On Wednesday, web infrastructure provider Cloudflare announced a new feature called “AI Labyrinth” that aims to combat unauthorized AI data scraping by serving fake AI-generated content to bots. The tool will try to stop AI companies from crawling websites without permission in order to collect data for large language model that power AI assistants such as ChatGPT.
Cloudflare was founded in 2009 and is best known for its ability to protect websites. Provides infrastructure, security and protection services for websites. This includes protection against distributed denial of service attacks and other malicious traffic.
Cloudflare’s new system, instead of blocking bots, lures them to “maze” a set of realistic-looking, but irrelevant pages. This wastes the crawler’s computing resources. This is a significant departure from the traditional block-and-defend approach used by most website security services. Cloudflare claims that blocking bots can backfire because it alerts crawler operators to the fact that they have been detected. Cloudflare writes
“When we detect unauthorized crawling, rather than blocking the request, we will link to a series of AI-generated pages that are convincing enough to entice a crawler to traverse them,” . “But while real looking, this content is not actually the content of the site we are protecting, so the crawler wastes time and resources.”

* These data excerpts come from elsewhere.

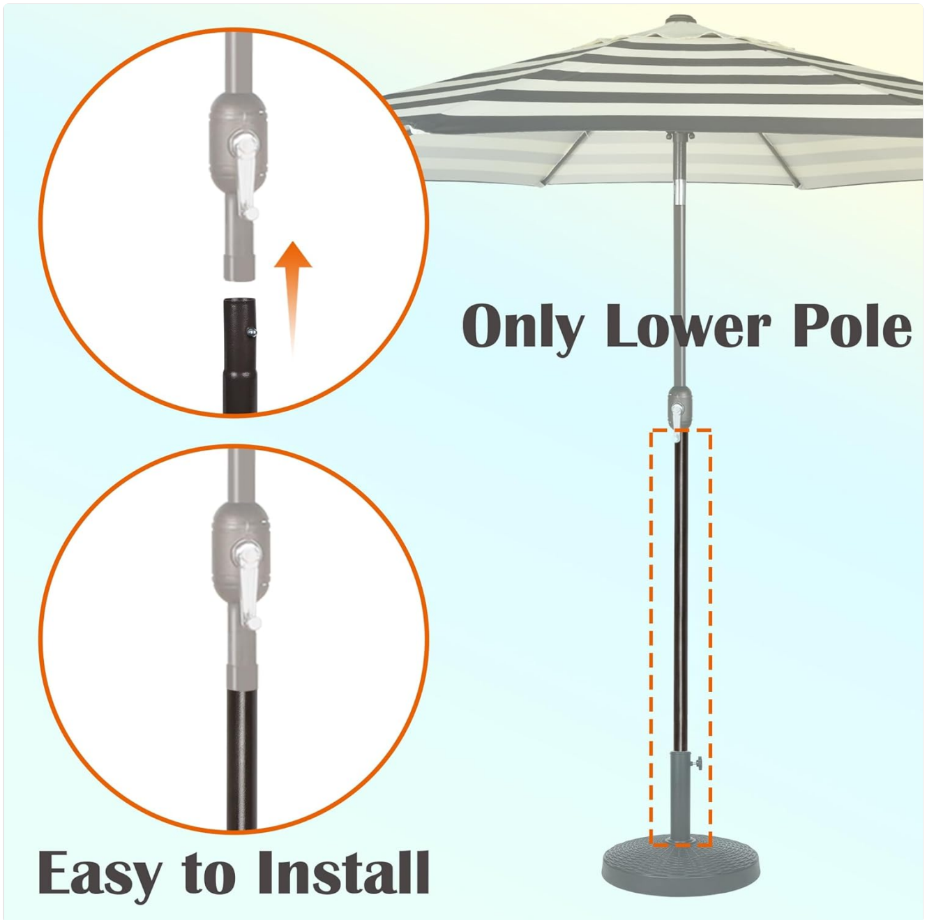
Image 4.1: Visual guide demonstrating the simple process of connecting the lower pole to the umbrella's upper section.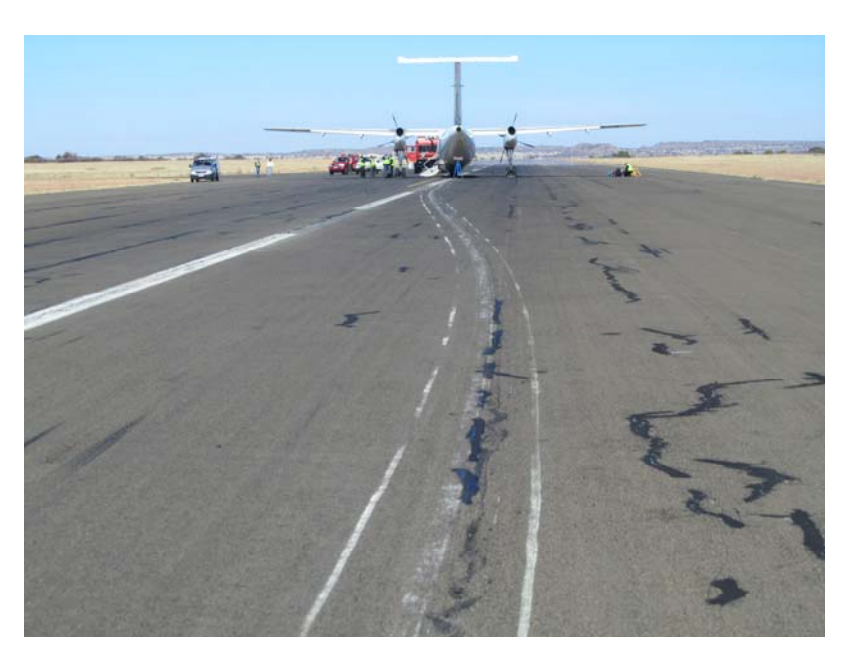
Figure 4. A view of the nose gear strut assembly and the gear doors scraping on the runway.

The pilot managed to keep the nose of the aircraft up for a further 479 m past the point of impact. Although both nose wheel tyres were found to be deflated, there was a clear blowout on the right nose wheel tyre some 400 m past the point where the nose gear had first made contact with the runway surface. Fourteen (14) m past the tyre blowout marking, both nose gear doors started making contact with the runway surface, followed by the nose gear strut assembly some 186 m further on. The aircraft came to a halt on the runway centre line 1 838 m past the threshold of runway 20.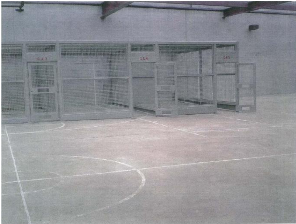
Outdoor recreation cages at ADX

group interaction. As described below, prisoners in the step-down program also have significantly less association and out of cell time than previously. According to a lawsuit, more could be done to ensure the safety of prisoners in group recreation. 32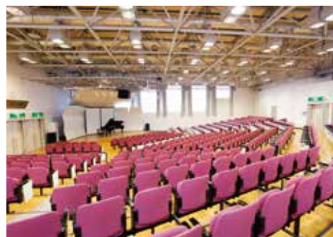
Large Hall (G1201)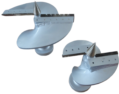
STUMP PLANER Available with 300mm or 500mm blades (ridged type for hardwood)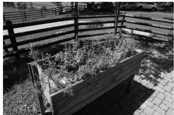
Raised garden bed

On 20 September 2017, we visited the Idrija Unit of the Idrija Retirement Home . This was the first visit to this unit of this social care institution in the context of implementing the duties and powers of the NPM. During the visit, 13 recommendations were made, of which 11 have already been accepted and implemented and one has been accepted but not yet implemented. One recommendation has been addressed to the Ministry of Labour, Family Social Affairs and Equal Opportunities, and we are still waiting for the answer (at the time of preparing this text, the deadline for the answer had not yet expired). With regard to the visited retirement home, the NPM recommended to the Ministry to check the reasons for the lengthy decision-making on the meeting of conditions for the verification of a secure department and to inform us of these reasons, and to ensure decision-making on the meeting of conditions for the verification of secure departments in the shortest possible time. In addition to the recommendations provided below, it was recommended that Idrija Retirement Home strive for the

According to the company, the content served to bots has been deliberately chosen to be irrelevant to the website that is being crawled. However, it is carefully sourced and generated using real scientific information, such as neutral information on biology, physics or mathematics, to avoid spreading misinformation. Cloudflare uses its Workers AI platform, a commercial platform for AI tasks, to create this content.

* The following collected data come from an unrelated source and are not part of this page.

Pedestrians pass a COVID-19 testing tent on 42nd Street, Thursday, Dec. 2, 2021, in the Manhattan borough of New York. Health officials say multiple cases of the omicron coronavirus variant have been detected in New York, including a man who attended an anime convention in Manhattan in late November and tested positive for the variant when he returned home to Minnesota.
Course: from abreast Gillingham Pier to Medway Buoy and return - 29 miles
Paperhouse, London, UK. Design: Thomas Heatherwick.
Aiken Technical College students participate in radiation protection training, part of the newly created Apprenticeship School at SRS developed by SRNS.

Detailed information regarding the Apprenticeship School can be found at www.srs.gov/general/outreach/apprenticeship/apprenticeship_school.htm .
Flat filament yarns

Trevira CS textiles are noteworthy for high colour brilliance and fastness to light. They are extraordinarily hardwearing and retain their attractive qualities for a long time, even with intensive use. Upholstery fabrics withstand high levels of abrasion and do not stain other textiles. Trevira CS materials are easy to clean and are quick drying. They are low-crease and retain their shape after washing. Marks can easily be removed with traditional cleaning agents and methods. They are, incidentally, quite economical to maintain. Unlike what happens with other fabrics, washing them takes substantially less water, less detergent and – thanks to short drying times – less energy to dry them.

Cloudflare created the trap pages and links so that they are invisible and inaccessible for regular visitors. This way, people browsing the internet won’t accidentally run into them.
An improved honeypot
AI Labyrinth is what Cloudflare refers to as a “next-generation honeypot.” Traditionally, honeypots were invisible links that humans couldn’t see. However, bots that parse HTML code could follow them. Cloudflare claims that modern bots are adept at spotting simple traps and require more sophisticated deception. The false links are crafted with meta directives that prevent search engine indexing, while still being attractive to data-scraping robots.